SUPER DELUXE EDITION: Alex Orbison on Roy Orbison’s #MGMYears Part 1
December 4, 2015 By Justyn Barnes
With today’s release of the Roy Orbison: The MGM Years 1965-1973 box set, SDE spoke to one of ‘Roy’s boys’, his son Alex Orbison, who spent three years overseeing its production. In the first part of an exclusive two-part feature, Alex talks about the personal and musical discoveries he made along the way – including a ‘lost album’ that is being released alongside the box set – and the long process of making a super deluxe edition…

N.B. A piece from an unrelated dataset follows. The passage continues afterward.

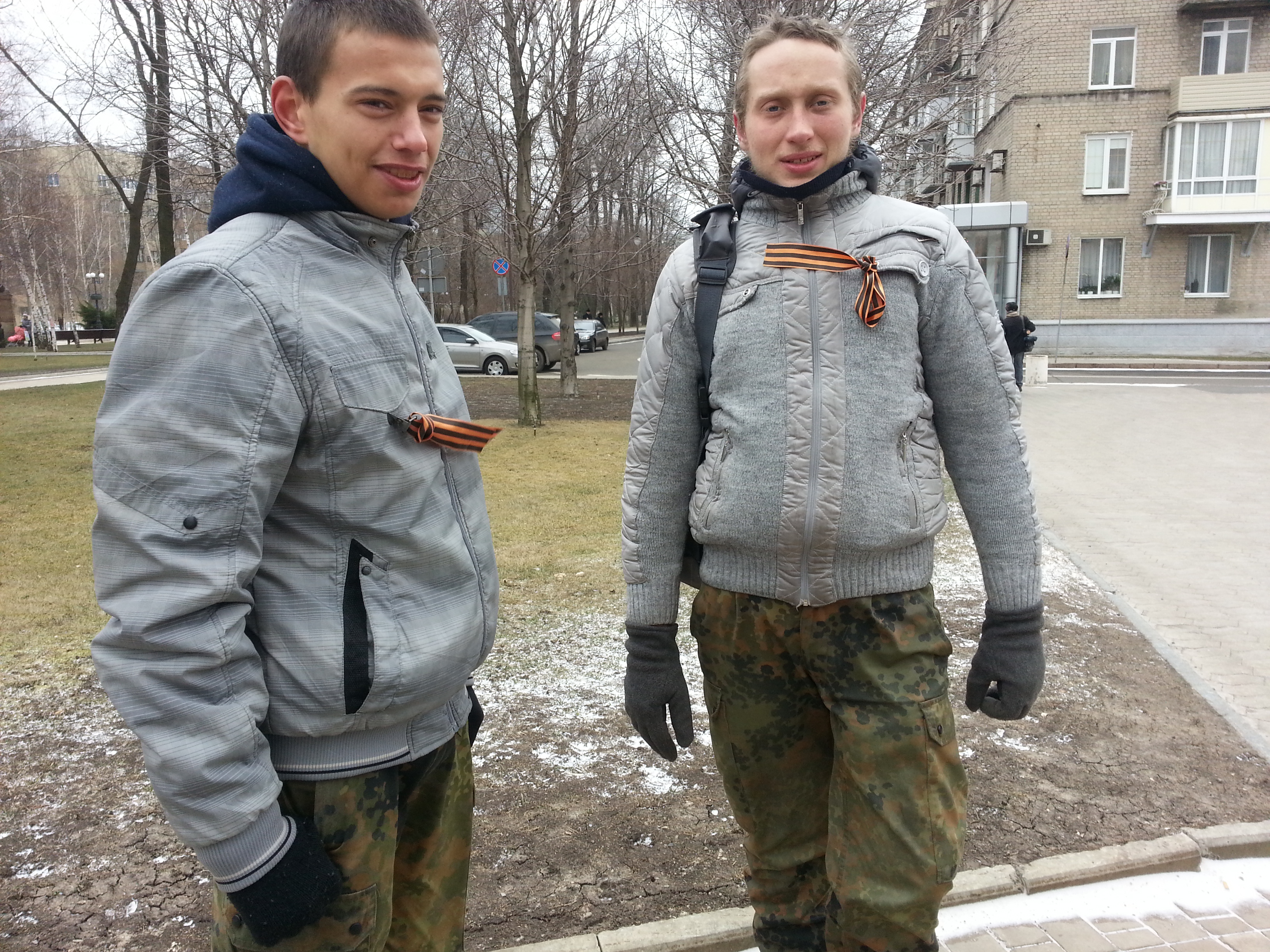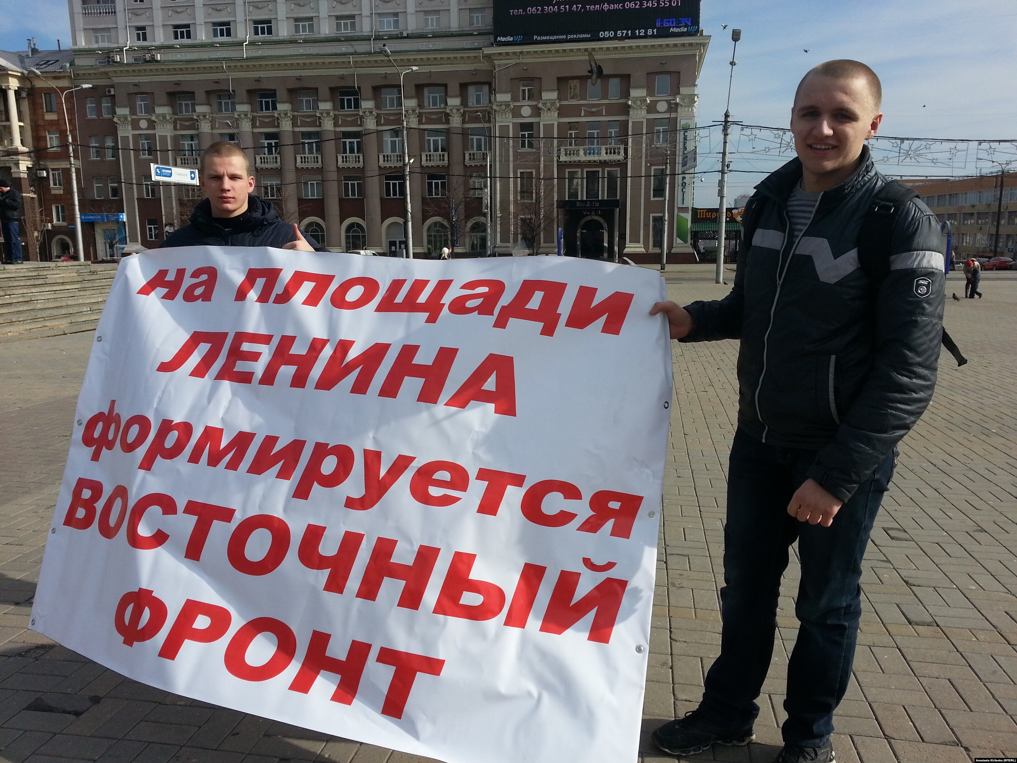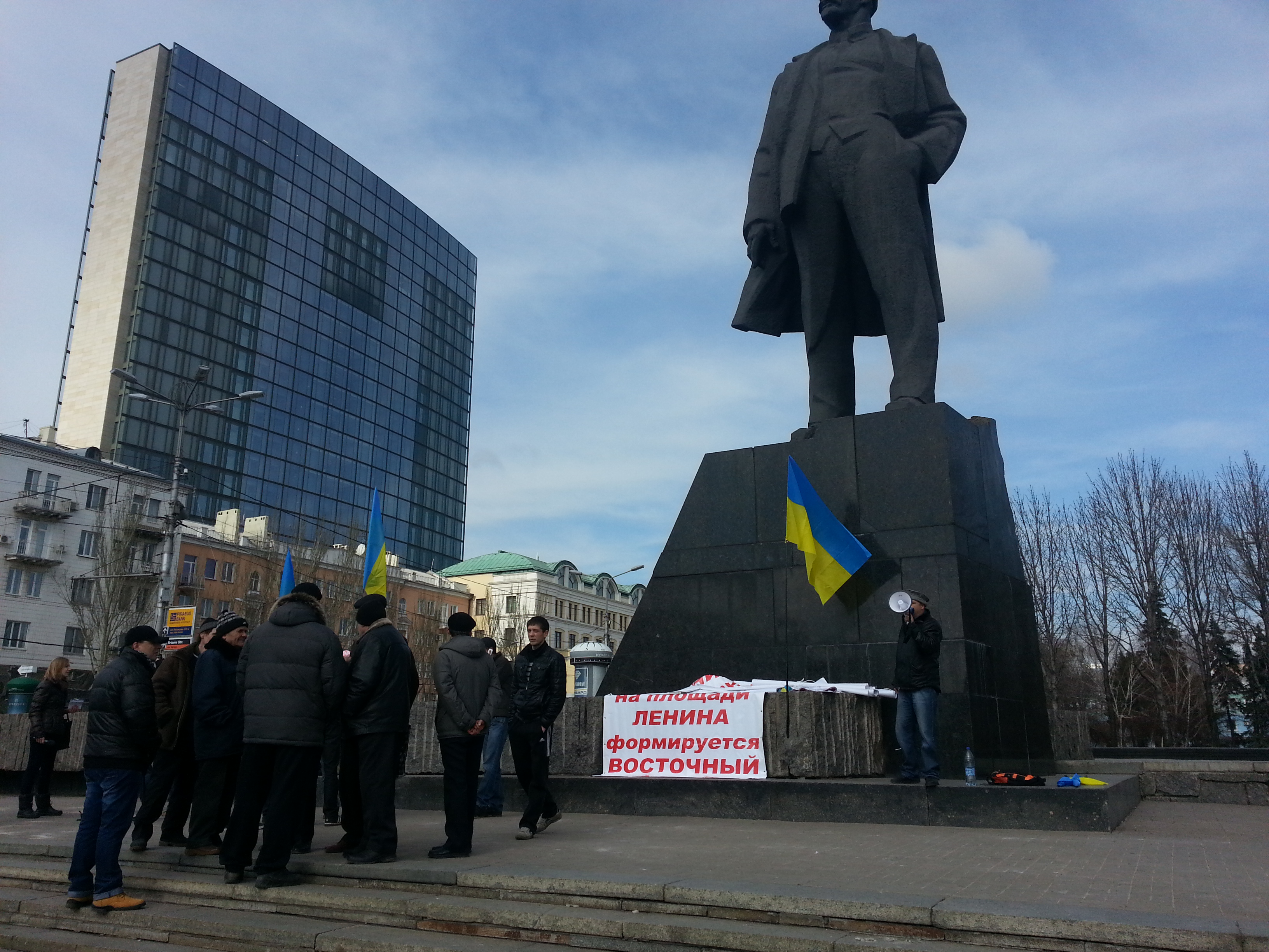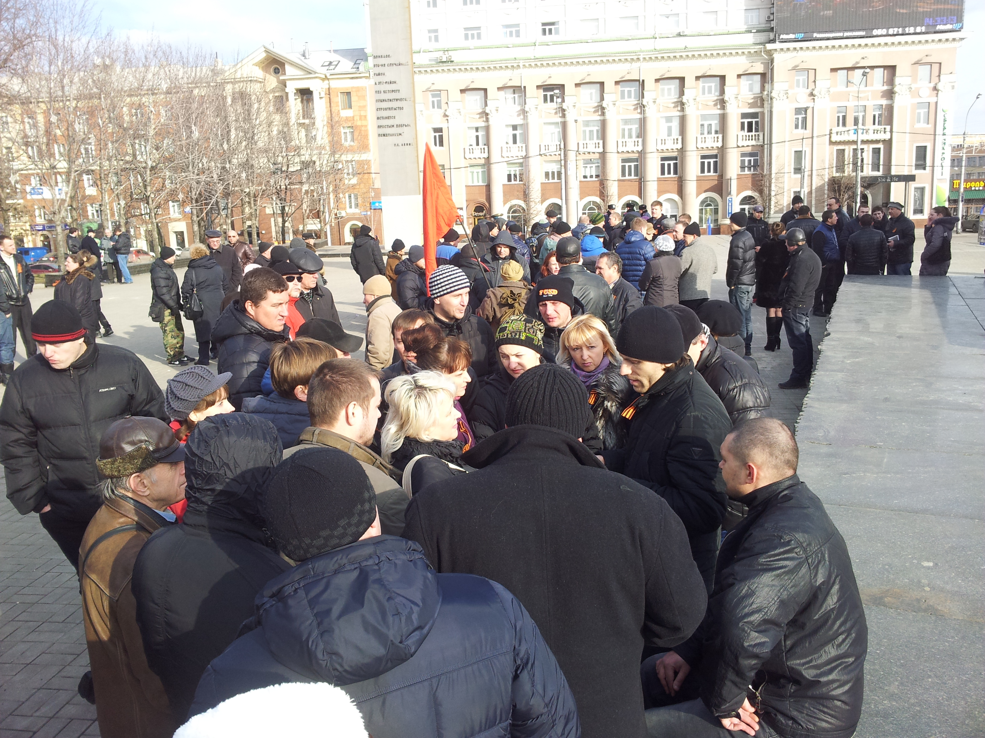 Тем временем в день фактической победы Евромайдана в субботу на площади Ленина в Донецке собрался "Восточный фронт" самообороны. В начале было человек 30. Один из протестующих, не стесняясь, отпивал настойку пиона из аптечного бутылька. Другие возмущались, что на площади нельзя курить и бросать окурки.

Alex Orbison enjoyed a very close relationship with his father growing up. Both blue-eyed and far-sighted, they shared a love of making model planes and automobiles and could often be found together piecing together a new creation in Roy’s workshop. Then, of course, there was the music. By the age of three, Alex was strumming a violin – because his hands were too small for the guitar – and he discovered the drums aged eight. Roy let him try to play on his own for a week, before sitting down and teaching him technique (“I never saw him play drums apart from that time,” recalls Alex. “He had this innate sense of how things worked”). Alex and brothers Roy Jr. and Wesley also enjoyed going on the road with their father, watching from the side of the stage or from the mixing desk. On top of all that, Johnny Cash and June Carter lived next door and Bob Dylan would routinely pop round for jam sessions. Hardly surprising, then, that Alex Orbison ended up becoming a musician himself. Now running the Roy’s Boys organisation with his brothers to guard and nurture his father’s musical legacy, Alex has the opportunity to delve even more deeply into his musical heritage.